そして、これら各請求項記載の発明の構成を手段として前記課題の解決が図られる。
【発明の効果】
【0017】
まず請求項1または6記載の発明によれば、実際に検出された実ワークエッジデータと、予めDXFデータ等で入力されたワークの基本形状データとを比較・判定して、ワークの必要箇所に開先加工を施すため、非常に重量が重く、またワークテーブル上において不定配置されたワークであっても、正確且つ確実に開先加工を施すことができる。
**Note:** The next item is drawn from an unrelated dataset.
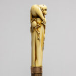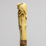 late 19th Cent. European cane with a total height of 93,5 cm and grip in Japanese ivory depicting a monkey on a bush, attached with a ring in copper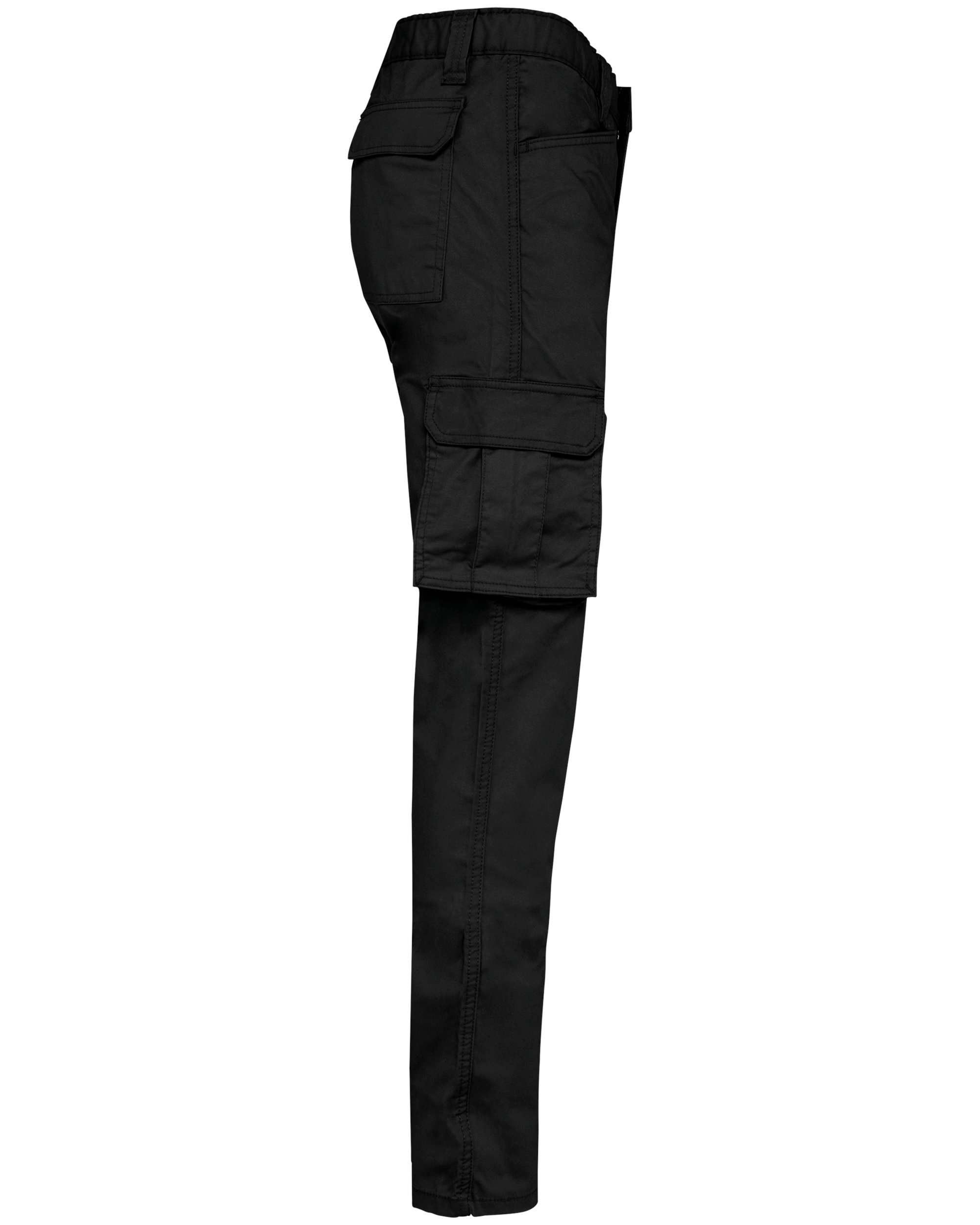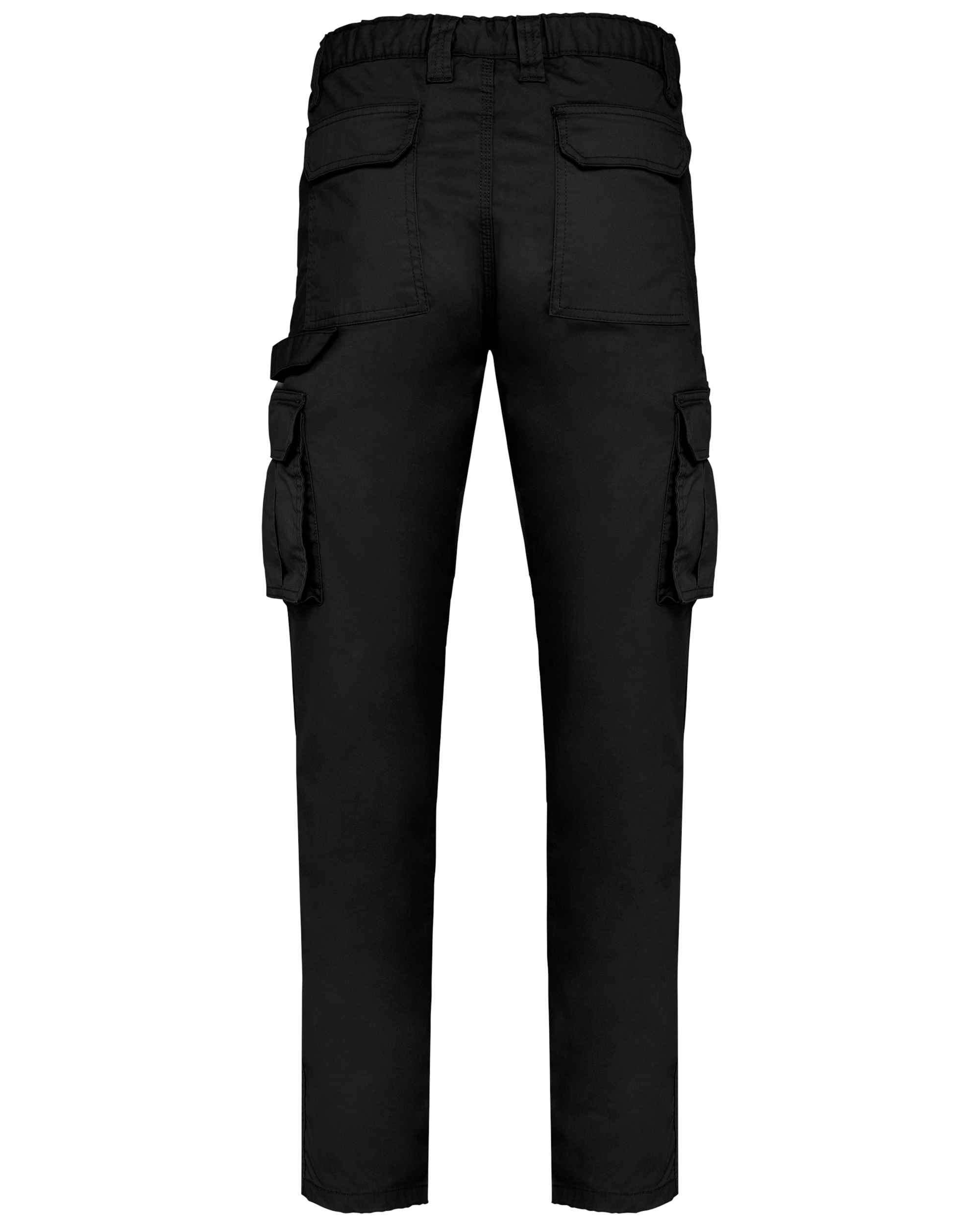 65% katoen / 33% polyester / 2% elasthan. Gemaakt van 65% biologisch katoen, 33% gerecycled polyester pré-consumer en 2% elasthan. Twillstof. Wassen op 60 °C. Ritssluiting en verborgen metalen knoop. Elastische tailleband en riemlussen voor meer comfort. Kruisnaad versterkt door driedubbele stiksels. 2 Italiaanse zakken aan de voorkant, waarvan de rechter met muntzak. 2 plooizakken aan de zijkanten en 2 achterzakken met klep en klittenbandsluiting. Bevestigingslint voor materiaal op de linker achterzak. Bevestigingslint voor binnenriem. Verstevigde naden op de zakken voor meer stevigheid. Dubbel stiksel. Gecertificeerd STANDARD 100 by OEKO-TEX®N° CQ1007/8, IFTH.

また開先加工自体は、ワークの必要箇所、例えば一辺に沿って一度、開先カッタを作用させるだけで、開先仕上げまで行えるため、重量物で且つ不定形態ワークの開先加工を極めて効率良く行うことができる。
【0018】
また請求項2または7記載の発明によれば、制御装置における制御は、実際に検出された実ワークエッジデータと、予めDXFデータ等で入力されたワークの基本形状データとを照合しながら、更にワークの設置状態(設置データ)をも考慮するため、より実際のワークに適した開先加工が行える。
【0019】
また請求項3または8記載の発明によれば、事前に制御装置に入力するデータを具体的なものとする。
【0020】
また請求項4または9記載の発明によれば、ワークセンサーユニットとしてレーザーセンサーを適用するため、ワークセンサーユニットの構成がより明確なものとなる。
またワークセンサーユニットによるセンシング時に、実ワークエッジが掃引範囲から逸脱した場合の対応も明確なものとなる。
【0021】
また請求項5または10記載の発明によれば、実ワークエッジのセンシングを再度行っても、センシング時にワークエッジが掃引範囲から逸脱した場合、運転を中断し、且つワークの置き直しを指示するため、二回目のセンシングにおいてセンサー範囲外となった場合の対応を明確なものとし、また慎重を期す開先加工を具体的なものとする。
【0022】
また請求項11記載の発明によれば、ワークを直に載置する支承ブロックに切削粉排除孔が設けられ、またその下方には、側面がシュートで囲われた回収コンベヤが設けられているから、開先加工中にワークから発生した切削粉を、支承ブロックの切削粉排除孔から下方に落下させ、これを回収コンベヤに乗せて円滑に装置外まで排出することができる。従って、切削粉がワークテーブル(支承ブロック)上に残留してしまうことがほとんどなく、その後の開先加工も一層、円滑に且つ確実に行える。
【図面の簡単な説明】
【0023】
図1】本発明の開先加工装置の一例を示す斜視図(a)、並びに開先加工の様子を二種拡大して示す説明図(b)である。
図2-1】開先加工装置の一例を示す正面図である。
図2-2】同上平面図である。
図2-3】同上側面図である。
図3】開先加工に伴いワークから生ずる切削粉を下方に落下させ、装置外まで排除する様子を示す縦断面図である。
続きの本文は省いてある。